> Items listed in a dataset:
BEGIN

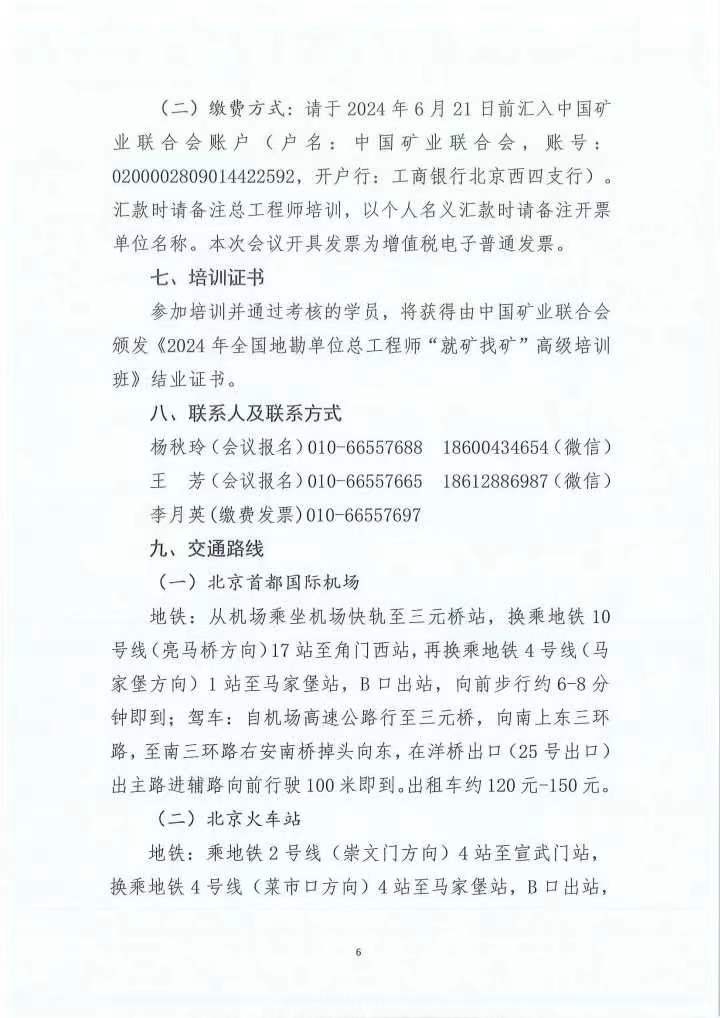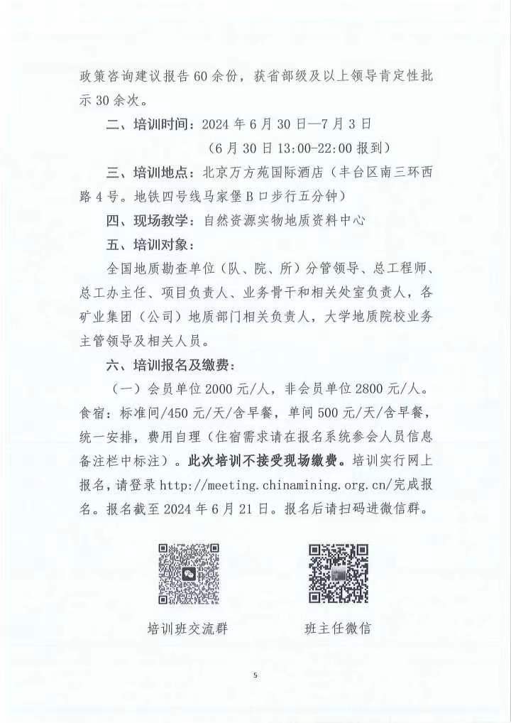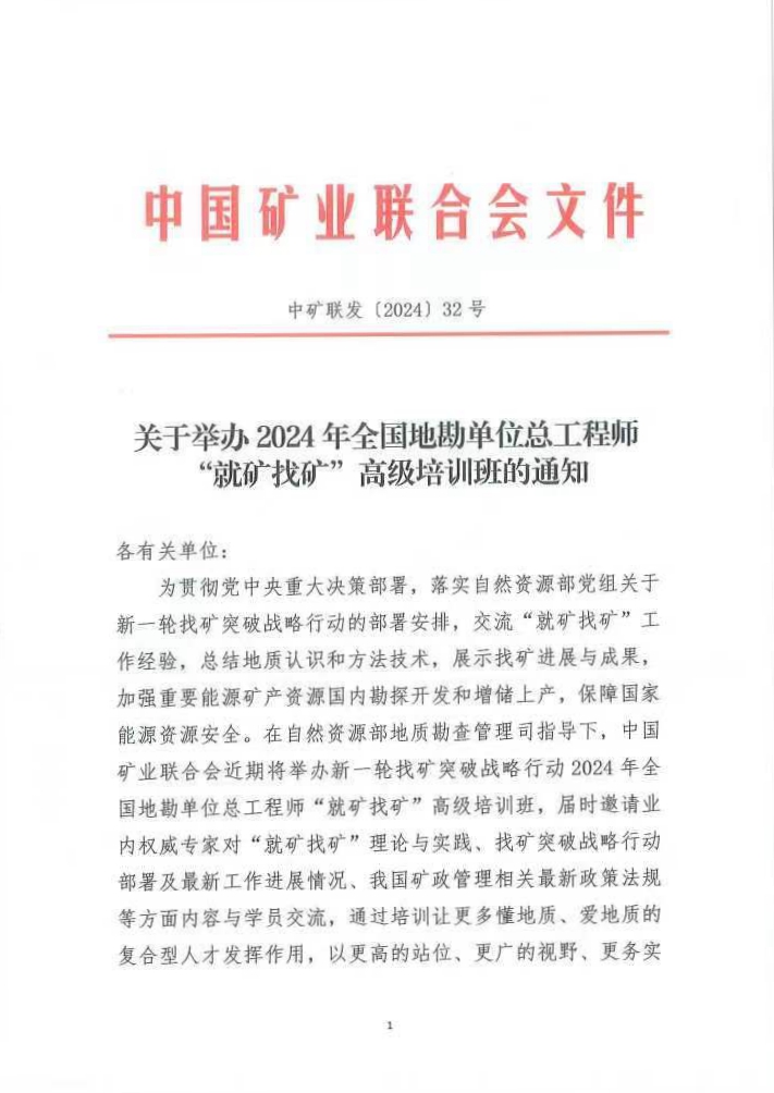 2024年全國地勘單位總工程師“就礦找礦”高級培訓班將於6月30日—7月3日在北京舉行。培訓對象為全國地質勘查單位(隊、院、所)分管領導、總工程師、總工辦主任、項目負責人、業務骨幹和相關處室負責人,各礦業集團(公司)地質部門相關負責人,大學地質院校業務主管領導及相關人員。
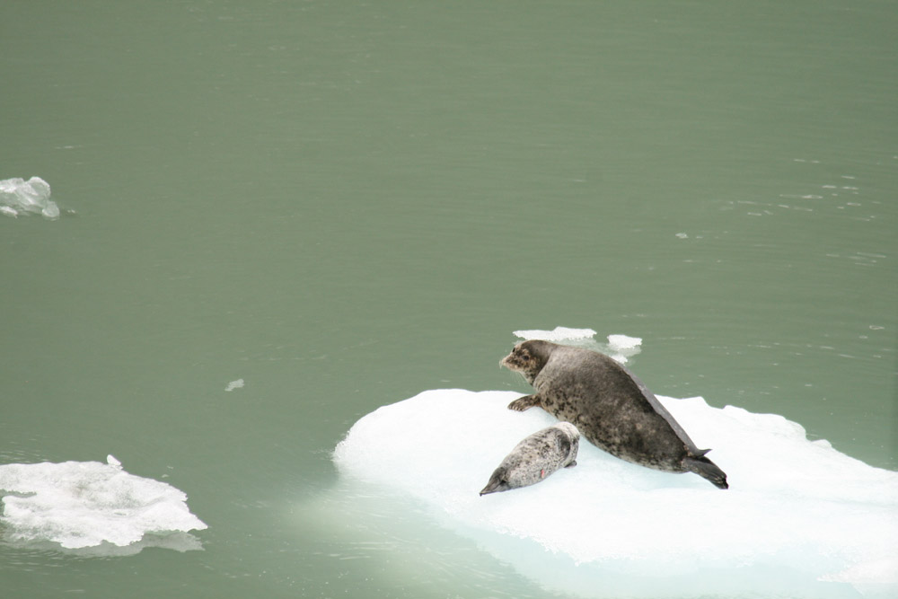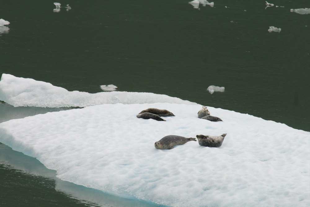 Sawyer glacier, if you look really close to the icebergs you can see hundreds of seals.
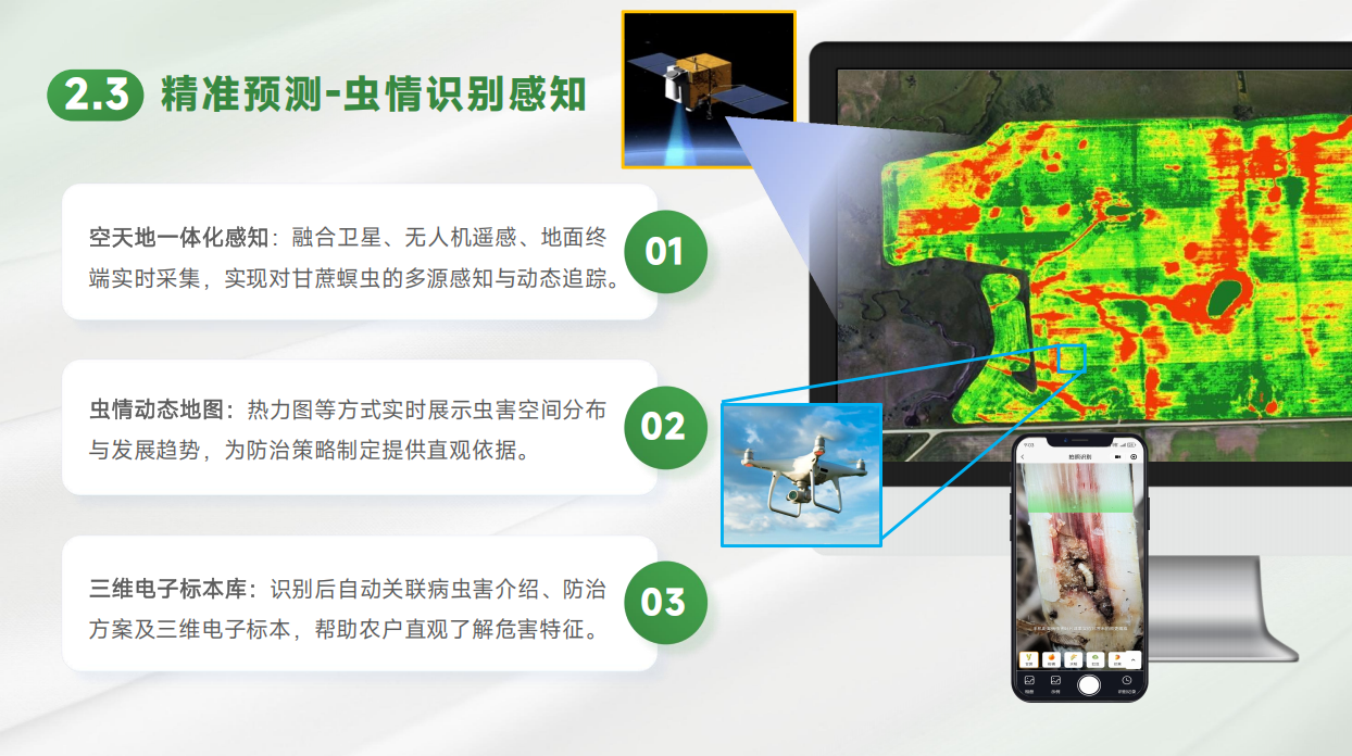 例如:在广西上思县昌菱农场的甘蔗基地,平台通过AI分析历史虫情数据和实时气象信息,预测出未来一周内甘蔗螟虫将进入产卵高峰期。平台立即生成释放方案,指导农户在特定区域释放赤眼蜂。
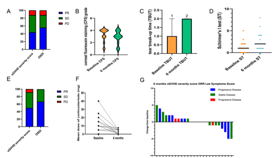 结果显示,44%(11/25)患者oGVHD严重程度评分改善、56%(14/25)患者眼表疾病指数(OSDI)改善,客观指标如角膜荧光素染色、泪膜破裂时间和Schirmer试验均有好转。值得注意的是,达到系统性总体缓解的患者眼部获益更明显,OSDI改善率达66.6%,且所有患者视力保持稳定。此外,48%患者成功实现了激素减量,无药物相关停药或严重血液学不良事件。
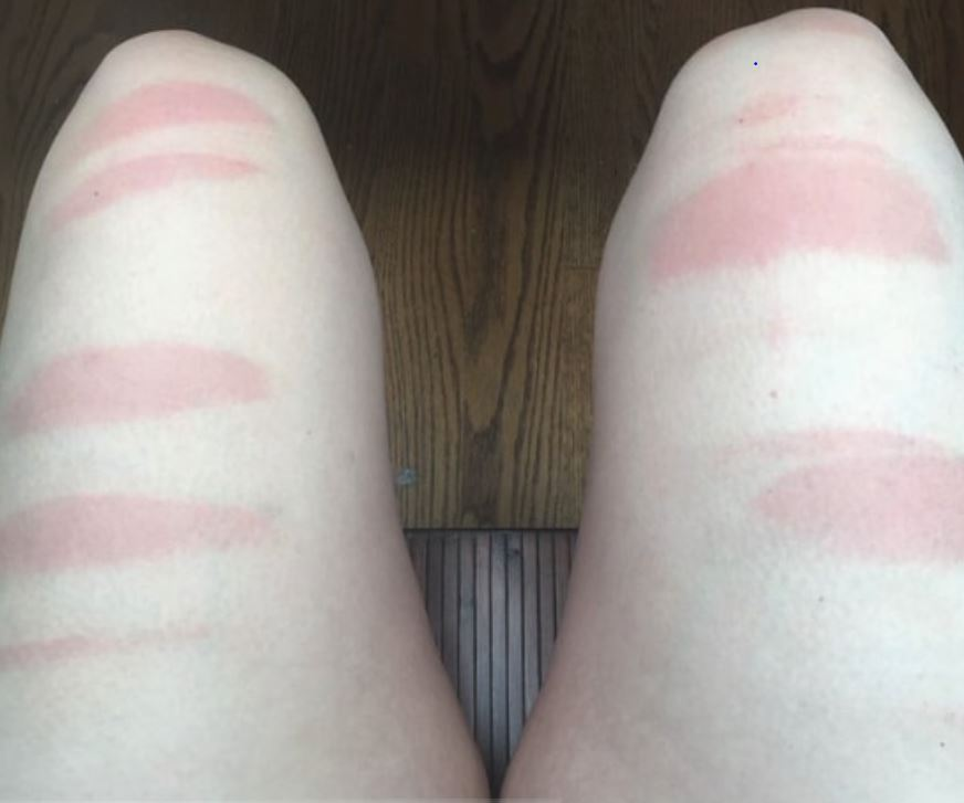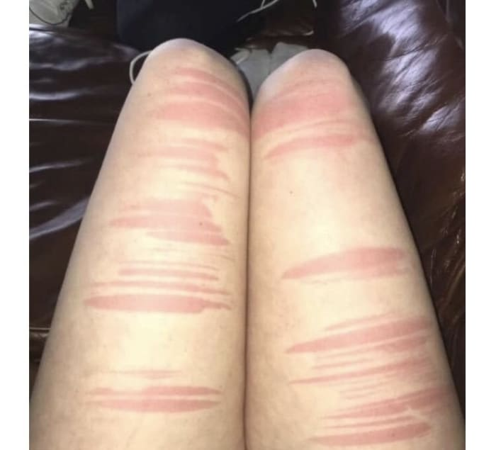 まるで鞭に打たれたかのような模様が刻まれた人や、膝の部分だけ丸く焼けた人など、さまざまな被害者が続出しています。
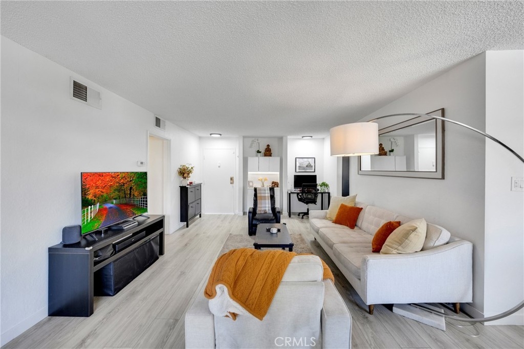 Welcome to this spacious and beautifully updated 3-bedroom, 2-bathroom condo offering 1,501 sq. ft. of bright, modern living. Remodeled in 2021, the home features LG stainless steel kitchen appliances, wide luxury vinyl plank flooring, custom window treatments, fresh paint, and stylish updates to lighting, electrical, and hardware throughout. All three bedrooms are generously sized, filled with natural light, and offer oversized walk-in closets—perfect for those who value both space and functionality. The open dining area and private balcony comfortably fit large tables, ideal for hosting or relaxing. Need flexibility? One bedroom includes French doors that open to the living space, making it an excellent option for a home office, den, or guest room. Storage is a standout feature, including a versatile 6x6 hallway closet that can double as a mini workspace or be outfitted for serious storage needs. The layout is efficient and thoughtful, blending comfort and practicality for a variety of lifestyles. Located in the well-maintained Del Mar Sierra Manor community, amenities include a pool, fitness room, 2 activity rooms, BBQ area, and two shared laundry rooms. The HOA has healthy reserves and appears to be VA approved. There’s also potential to install in-unit laundry with HOA approval, particularly for disability accommodation. All of this comes at an unbeatable price for a 3-bedroom unit in Pasadena. Enjoy close proximity to excellent schools, public transportation, and some of the city’s best shopping and dining—just minutes from Lake Avenue, Old Town Pasadena, San Marino, libraries, and more.
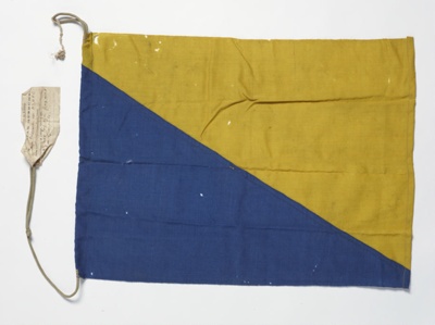 About this objectSmall rectangular flag. Yellow and blue bisected diagonally. New Zealand Field Pay Office flag used at Gallipoli.
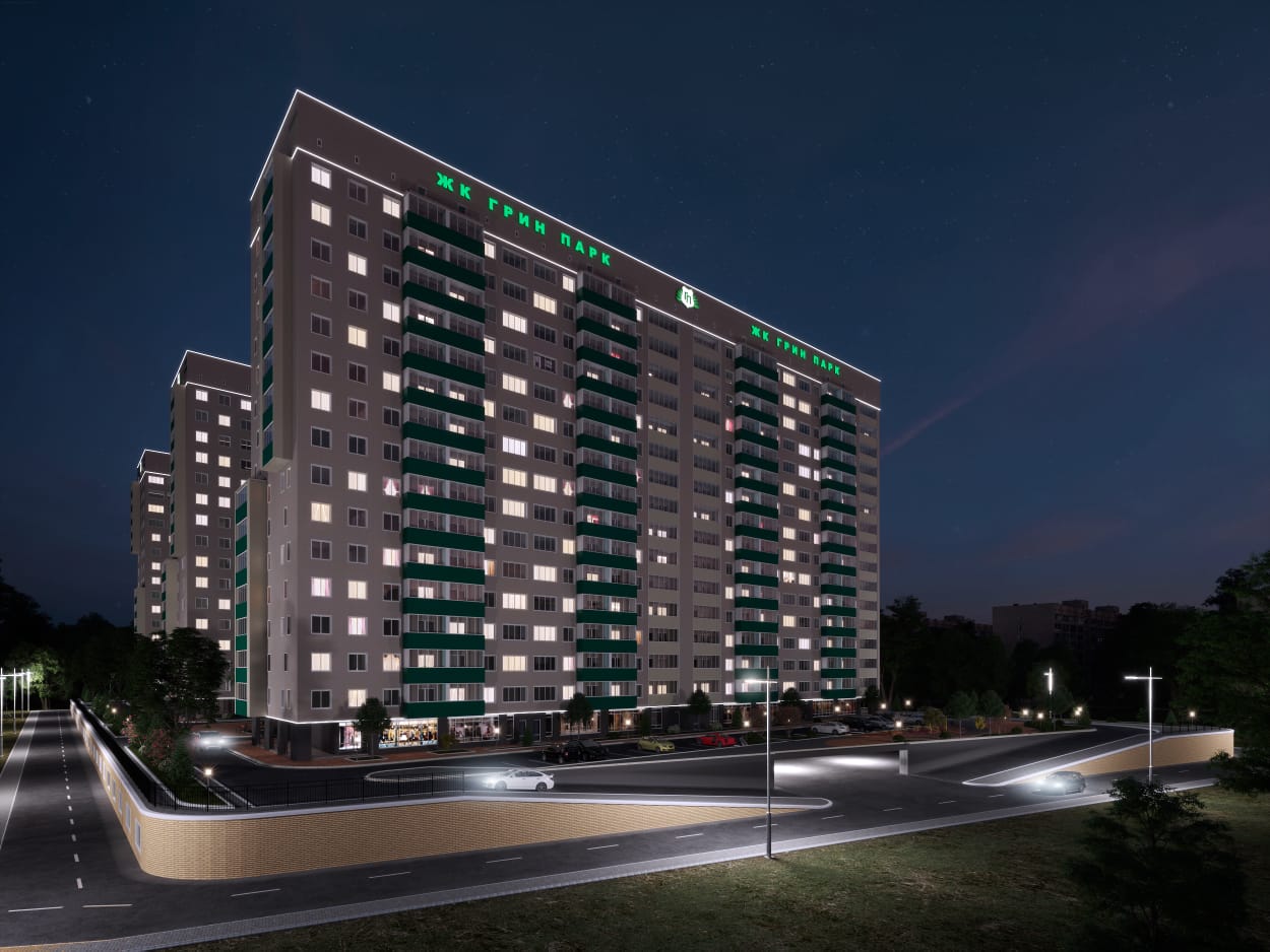 В комплексе «Грин Парк» три высотных семнадцатиэтажных дома, расположенные на стилобате, в котором расположены крытые парковки и помещения коммерческого назначения. Сверху на крыше стилобата проведено озеленение территории и смонтированы детские площадки, спортивные тренажеры организованы парковочные карманы для стоянки автомобилей. Во дворе проведено четкое зонирование, чтобы жители объединялись по интересам и не мешали друг другу. Для удобства организованы прогулочные зоны и даже площадка для приготовления шашлыка.

END

> Task directions: Skip every picture and return the lines above from the top through the one that contains "まるで鞭に打たれたかのような".

> Exercise response:
 2024年全國地勘單位總工程師“就礦找礦”高級培訓班將於6月30日—7月3日在北京舉行。培訓對象為全國地質勘查單位(隊、院、所)分管領導、總工程師、總工辦主任、項目負責人、業務骨幹和相關處室負責人,各礦業集團(公司)地質部門相關負責人,大學地質院校業務主管領導及相關人員。
 Sawyer glacier, if you look really close to the icebergs you can see hundreds of seals.
 例如:在广西上思县昌菱农场的甘蔗基地,平台通过AI分析历史虫情数据和实时气象信息,预测出未来一周内甘蔗螟虫将进入产卵高峰期。平台立即生成释放方案,指导农户在特定区域释放赤眼蜂。
 结果显示,44%(11/25)患者oGVHD严重程度评分改善、56%(14/25)患者眼表疾病指数(OSDI)改善,客观指标如角膜荧光素染色、泪膜破裂时间和Schirmer试验均有好转。值得注意的是,达到系统性总体缓解的患者眼部获益更明显,OSDI改善率达66.6%,且所有患者视力保持稳定。此外,48%患者成功实现了激素减量,无药物相关停药或严重血液学不良事件。
 まるで鞭に打たれたかのような模様が刻まれた人や、膝の部分だけ丸く焼けた人など、さまざまな被害者が続出しています。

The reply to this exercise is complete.